Whatever the caricatures, almost no one, even among the most religiously conservative, argues that religious freedom outweighs every other concern. Everyone recognizes that as with freedom of speech and other constitutional guarantees, there will be some hard cases.

But it would be tragic to trample over the consciences of citizens whenever their beliefs come into conflict with the fluctuating norms of secular sexual orthodoxy. Likewise, almost no rational person would suggest that a religious-freedom consensus would evaporate our “culture war” disputes. We have real differences, and they are not going away anytime soon. What’s perilous right now is how we choose to have these arguments.

One need not agree with Christians or Muslims or Orthodox Jews or others on marriage and sexuality to see that such views are not incidental to their belief systems. They did not emerge out of a political debate, and they won’t be undone by political power. In many cases, these beliefs aren’t even, first of all, about sex or family or culture in the first place, but about what these religious people believe undergird them. In the case of 2,000 years of small “o” (and big “O,” for that matter) orthodox Christians, this is the belief that sexual expression is confined to the union of a man and a woman because marriage is an icon of the gospel union of Christ and his church.

That does not mean, in any way, that all Americans of deep religious belief agree on how to address these questions in the public square. One could find multiple views — even in church pews — about what, for instance, public nondiscrimination laws should be. It does mean, though, that such views are not peripheral to the missions of many religious institutions. One cannot simply uproot them and expect these people to adjust their consciences to fit the new cultural expectation.
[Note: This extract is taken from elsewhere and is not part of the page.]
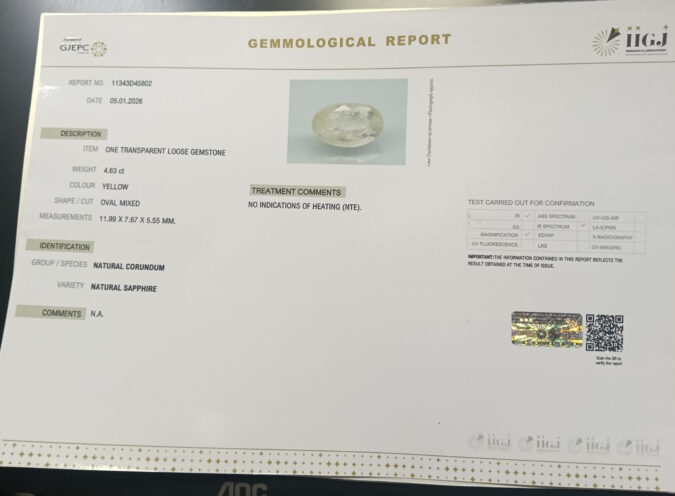 Beautiful 4.63 Cts Natural Yellow Sapphire (AAA+-Mines) sva 5+ Ratti YELLOW SAPPHIRE. Free Horoscope & Free Pundit Ji Astrological Advise / Consultation. Original Natural Lab certified gems by IGI GTL / Birth stones / Large Gem Selection of shree shubh Rashi Ratan Vedic dhan at Gem Mines. May Bhagwan Brahma, Vishnu, Shiv & Universe bless you.

James Madison and Thomas Jefferson did not argue for the sort of robust religious freedom guarantees that we have in the First Amendment because my Baptist ancestors persuaded them with theological arguments. Jefferson thought people like me were so irrational that he literally cut out of the Bible everything he found incredible, leaving behind something that’s more of a pamphlet than a canon. But these founders also knew that forcing people to violate their religious beliefs would result in a state so powerful that a majority could tyrannize an unpopular minority in the realm of something as personal and as inviolate as the soul.

That’s why those advocating for religious freedom have spent years arguing, for instance, that states and local governments shouldn’t zone mosques out of existence just because Muslims are a minority in those communities, and that health commissions shouldn’t ban circumcision as “barbaric” just because they can’t understand Judaism’s belief in the Abrahamic covenant.

In every case of protecting religious freedom, the issue is not whether the group in question is popular in its beliefs. Unpopular beliefs are precisely what we as Americans seek to protect. The way forward, for Americans of faith and no faith, is not détente, but rather debate. We need to argue about such matters in the arena of persuasion, not state coercion. Yes, sometimes those debates will spill into legislatures and courtrooms.

So let’s have our cultural arguments, with conviction. Americans disagree on some important things — not just on marriage and sexuality, but often on things as fundamental as God and the meaning of life. But, as we have those arguments, let’s keep our First Amendment and our history of religious freedom intact. Without it, we will not be left with arguments at all, but just with the raw power of whoever has more votes at the moment. That’s not what most of us want. But if you do, and you get it, trust me — you’ll hate it.